Omniprobe's instrumentation works by injecting LLVM IR passes (shared library
plugins, .so files) into the compilation pipeline. These plugins link against
LLVM's C++ API at load time.
Triton JIT-compiles kernels using its own bundled LLVM, which it downloads to
~/.triton/llvm/. That bundled LLVM is built with static libraries — our
pass plugins cannot dlopen alongside a statically-linked LLVM because the
LLVM symbols are not exported.
We need to rebuild LLVM with -DBUILD_SHARED_LIBS=ON so that our
instrumentation plugins can link against the same LLVM instance that Triton
uses. The triton_install.sh script automates this: it builds LLVM as shared
libraries, then builds Triton against that LLVM.
| Requirement | Notes |
|---|---|
| ROCm | Tested with 7.2.0. ROCM_PATH must be set. |
| Python >= 3.10 | PyTorch ROCm wheels require 3.10+. |
| AMD GPU | gfx90a, gfx942, etc. |
| Network access | Unless using --local-sources (see below). |
| ~50 GB disk space | LLVM build is large. |
| cmake, ninja | Installed via pip if not available. |
The triton_install.sh script handles everything: cloning Triton, building
LLVM with shared libraries, creating a Python venv, installing PyTorch, and
building Triton against the custom LLVM.
cd ~/repos
ROCM_PATH=/opt/rocm-7.2.0 /path/to/omniprobe/containers/triton_install.shThis runs in the current directory and creates a triton/ subdirectory
containing the full build. The script takes 15-90 minutes depending on
available cores and network speed.
| Flag | Description | Default |
|---|---|---|
--triton-version TAG (or -g TAG) |
Triton version to build (git tag or commit hash) | Latest release from GitHub API |
--pytorch-rocm VER |
PyTorch ROCm wheel index version (e.g., 7.1) |
Highest stable index <= installed ROCm |
--local-sources DIR |
Use pre-staged local sources instead of network | Fetch from network |
triton/ # Triton repository
├── .venv/ # Python venv with Triton, PyTorch, dependencies
├── llvm-project/
│ └── build/ # LLVM build with shared libraries
│ └── lib/libLLVM*.so # ← these are what make plugins work
└── third_party/amd/backend/
└── compiler.py # Patched for instrumentation compatibility
The key output paths:
- Triton venv:
~/repos/triton/.venv— activate this before using Triton - LLVM build:
~/repos/triton/llvm-project/build— pass to Omniprobe's CMake
Use this when network access is slow, unreliable, or unavailable (air-gapped environments).

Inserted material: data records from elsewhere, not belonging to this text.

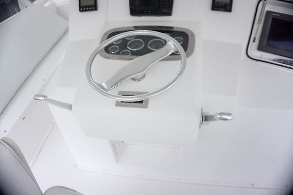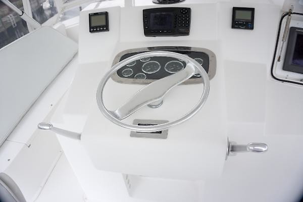 - Fiberglass helm pod with Glendinning single lever controls
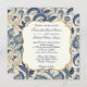 Eine Hochzeitseinladung mit einem blauen und cremefarbenen Damast-Design.
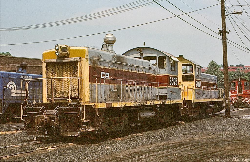 CR SW-8 8695 (ex-EL 366) and SW-900 9017 (ex-EL 446) teamed up at the Bethlehem engine terminal in July, 1979.
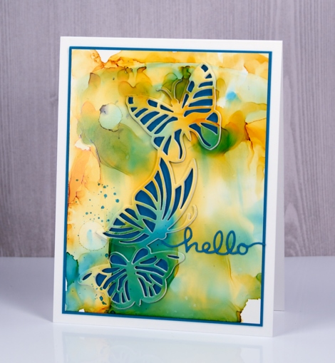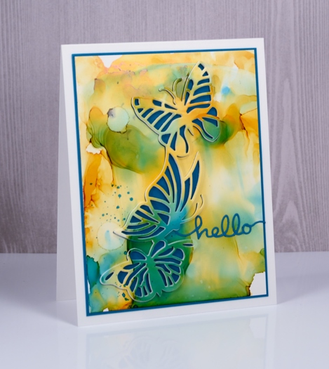 I used alcohol inks on yupo paper to create the background then attached the yupo to white cardstock before die-cutting the butterfly trio from the panel. I also die cut the butterflies from white fun foam so I could pop the trio up out of the background. I did not replace the little die cut shapes in the wings but matted the whole panel in teal instead to create a frame that matched the wings and the sentiment.
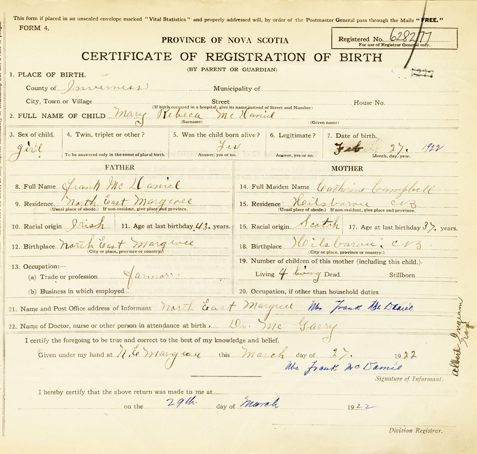 21. Name and Post Office address of Informant Mrs. Frank McDaniel North East Margaree
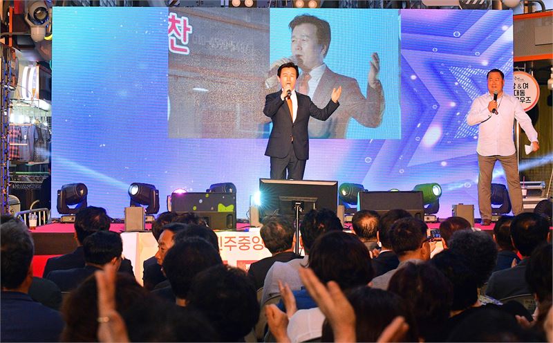 조규일 진주시장이 진주 전통시장 트로트 페스티벌 행사에서 인사말을 하고 있다. 진주시 제공
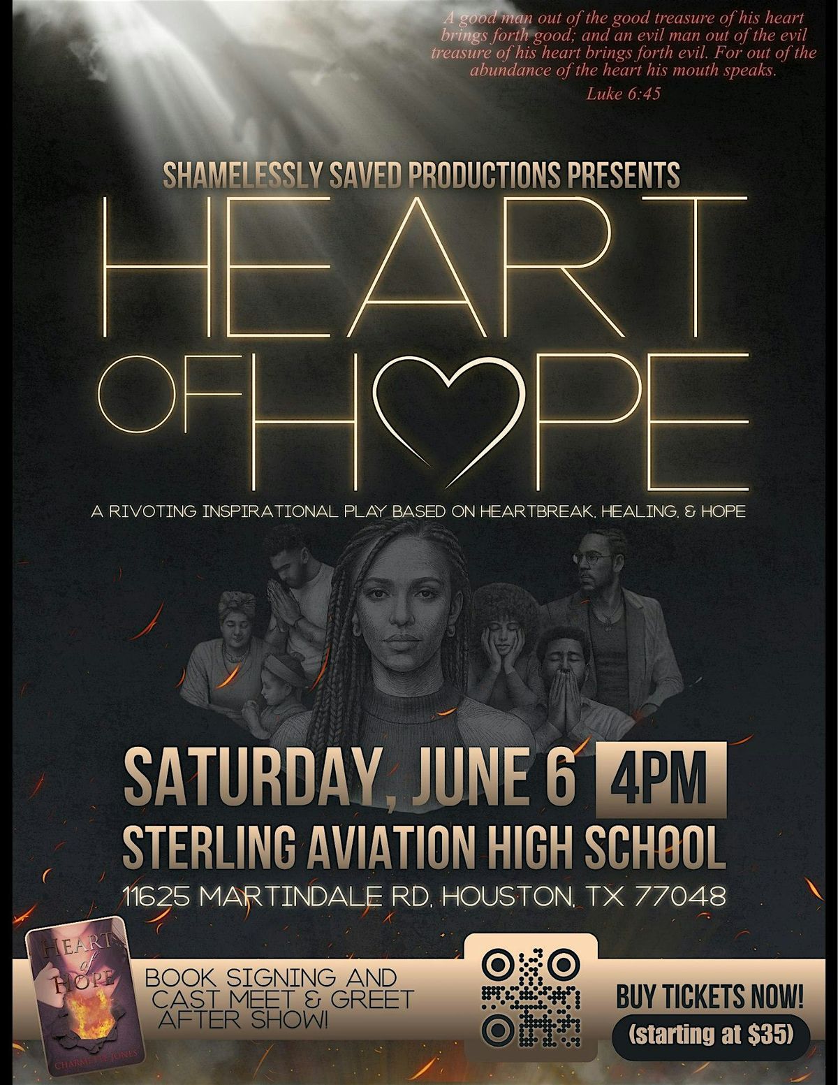 Get ready for an unforgettable evening with the Heart of Hope stage play. Experience powerful storytelling and amazing performances live, right in front of you. This is an in-person event, perfect for those who love theater and emotional journeys. Bring your friends, grab some popcorn, and dive into a world full of hope and inspiration. See you there!
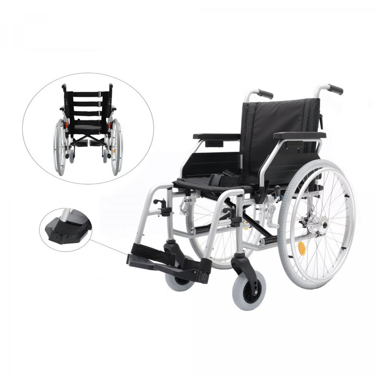 Кресло-коляска Dietz Tomtar MR-LG также оборудовано подлокотниками и подножками, которые можно снять, откинуть или отрегулировать по высоте. Это позволяет пользователю настроить их в соответствии с индивидуальными требованиями.
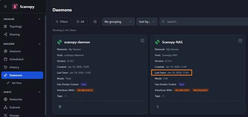 Ce second daemon Scanopy a été déployé sur un NAS Synology via Container Manager (Docker).
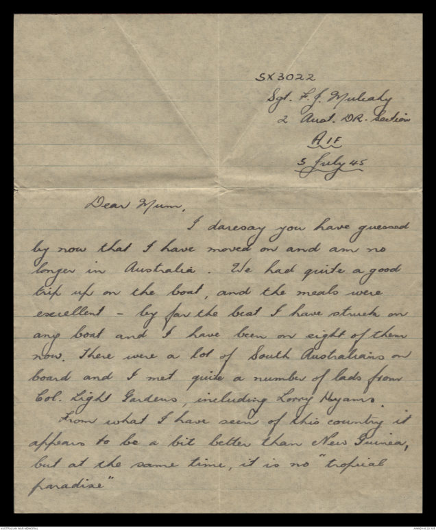 Letters from Frank John Mulcahy to his family, 1941-1945 - Part 10
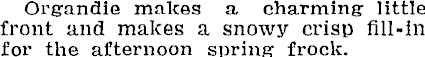 Organdie makes a charming: little front and makes a snowy crisp fill-in for the afternoon spring frock.

1. Clone the Triton repository:
git clone https://github.com/triton-lang/triton.git ~/repos/sandbox/triton
cd ~/repos/sandbox/triton
git checkout v3.7.1 # or your desired version2. Clone the LLVM submodule at the correct commit:
The required LLVM commit hash is in cmake/llvm-hash.txt:
LLVM_HASH=$(cat cmake/llvm-hash.txt)
git clone https://github.com/llvm/llvm-project.git ~/repos/sandbox/triton/llvm-project
cd ~/repos/sandbox/triton/llvm-project
git checkout $LLVM_HASH3. Download PyTorch and torchvision ROCm wheels:
mkdir -p ~/repos/sandbox/triton/wheels
cd ~/repos/sandbox/triton/wheels
# Find the appropriate wheels at https://download.pytorch.org/whl/rocmX.Y/
# Download torch and torchvision for your Python version and ROCm version
pip download torch torchvision \
--index-url https://download.pytorch.org/whl/rocm7.1 \
--dest . --no-depscd ~/repos
ROCM_PATH=/opt/rocm-7.2.0 /path/to/omniprobe/containers/triton_install.sh \
--local-sources ~/repos/sandbox/tritonThe script clones from the local repo (no network), uses the pre-populated
llvm-project/ directory, and installs wheels from the wheels/ subdirectory.
Activate the Triton venv (Omniprobe needs the Python environment for Triton
integration), then build with -DTRITON_LLVM pointing to the LLVM build:
cd /path/to/omniprobe
source ~/repos/triton/.venv/bin/activate
TRITON_DIR=~/repos/triton
cmake -B build \
-DCMAKE_BUILD_TYPE=RelWithDebInfo \
-DCMAKE_HIP_ARCHITECTURES=gfx90a \
-DTRITON_LLVM=$(realpath $TRITON_DIR/llvm-project/build) \
-DCMAKE_INSTALL_PREFIX=$(pwd)/install
cmake --build build -j$(nproc)Important:
-DTRITON_LLVMmust be an absolute path. Do not use~or shell variables that haven't been expanded — CMake passes this value to anExternalProjectsub-build which does not perform tilde expansion, causing the sub-build to fail with "LLVM_INSTALL_DIR is invalid". Use$(realpath ...)or write out the full path.-DCMAKE_INSTALL_PREFIXmust be set. The default (/) causes permission errors during the install step of theinstrument-amdgpu-kernelssub-builds. Setting it to$(pwd)/installor any writable path avoids this.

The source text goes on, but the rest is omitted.